Dear Lord in Heaven, please heal me from this terrible illness, please help me make it through. This is my fifth time battling severe depression and all I can see is regrets, mistakes, shortcomings, loneliness and fear.
This time I am alone on the other side of the world from my family so I can’t tell them i am sick again because they would only worry without being able to help in any way. I made a decision some 3 years ago to move to another country far far from home and it has been a struggle ever since but my stubbornness and foolishness and pride kept me from doing the smartest thing and going back after the first major obstacle.
I didn’t want to give up so easily and be seen a failure. In the process due to many factors I have lost friends, lost money, lost my investment back home and I am still here and now fighting this awful beast. All I can think about is how stupid and foolish I have been and everything I have sacrificed to be here in the first place.
I want to go home now but I can’t until I have worked and saved money to make a new start and begin from zero again. I pray God will heal me and make me strong again, that He will replace the fear and despair and shame in my heart with hope, courage and peace. I pray morning till night just to make it through the day as I am alone here without anyone but God in Heaven to turn to.

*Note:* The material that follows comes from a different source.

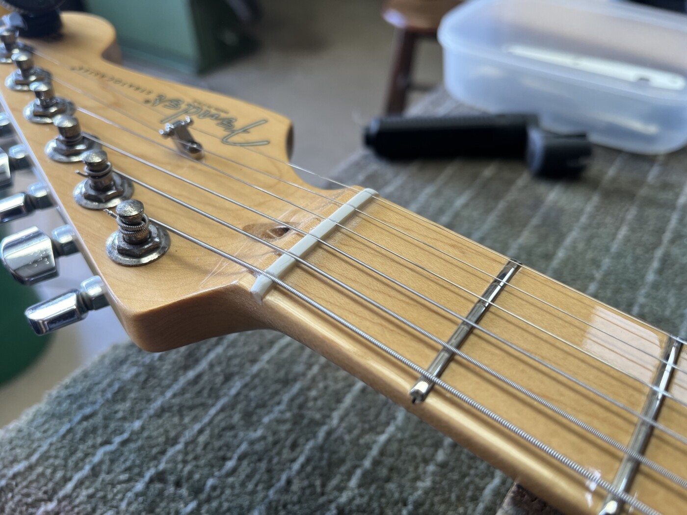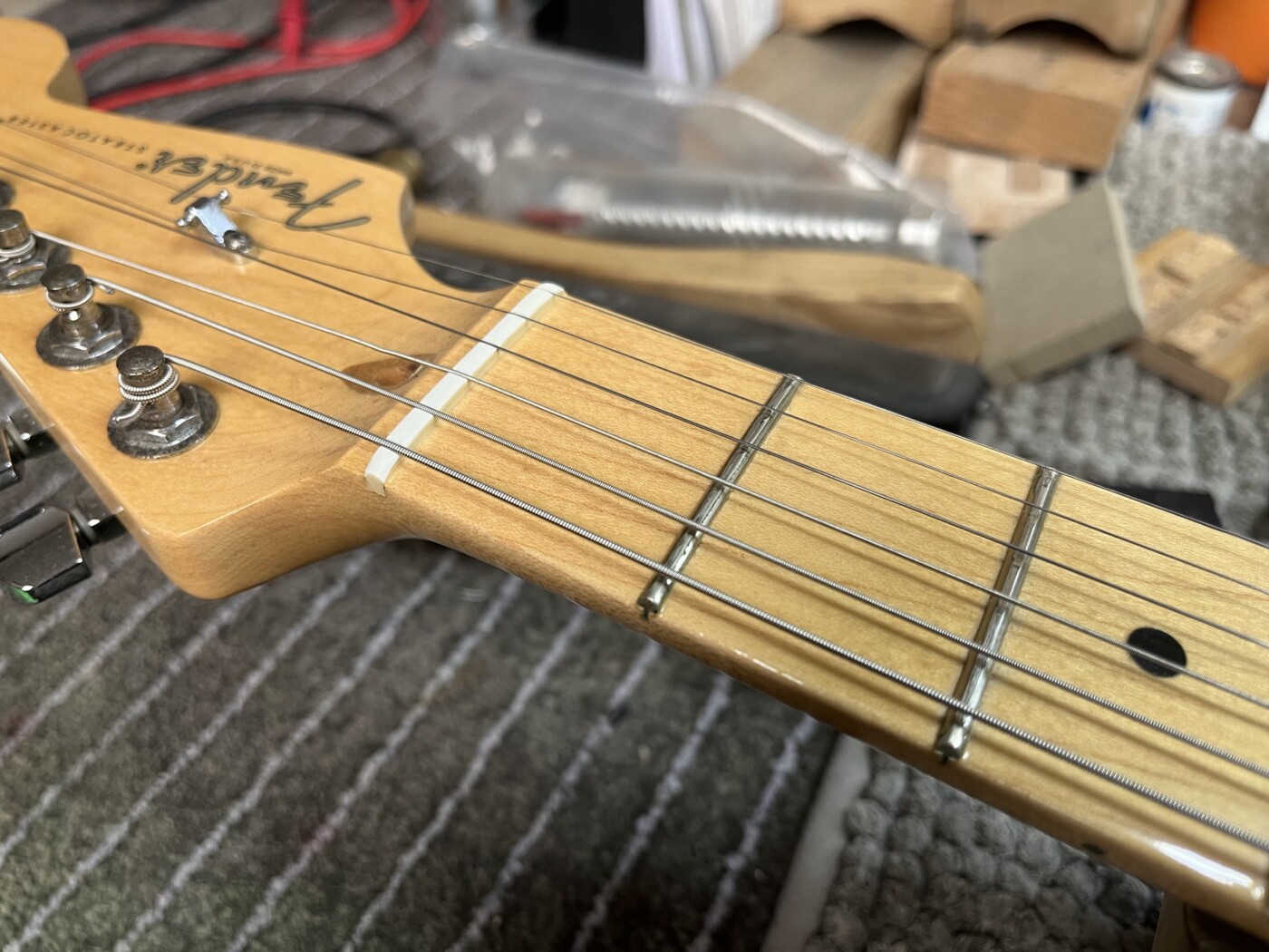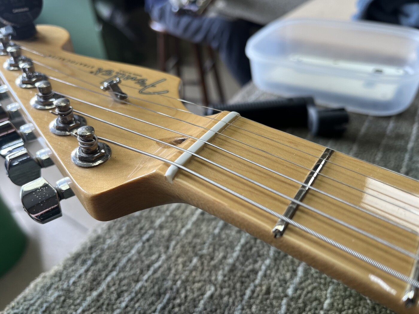 This Strat needed a fret level as the frets were well worn. It came to me after having a setup from someone who said “there was no way to get rid of the fret buzz”. Maybe start with the frets, but also look at how the strings were put on! Sorry, did that sound bitchy?

I pray that God will help me through, help me endure this pain of existing I feel. I keep thinking that if it wasn’t for the pain and sorrow and heartbreak it would cause my mom and dad I would just end this life- I pray from the depths of my soul for God to please help me and heal me and comfort me and help me through.
And I ask for anyone out there to please pray for me, pray that He hears my cries for help and would let me feel like living again, feel joy again, that God would fill my heart with hope and make me strong, help me get through this. I am so alone and have to hide how I feel on the inside and lie about it.
I can’t bear this much longer, please Lord, help me. Please don’t leave me alone. Amen.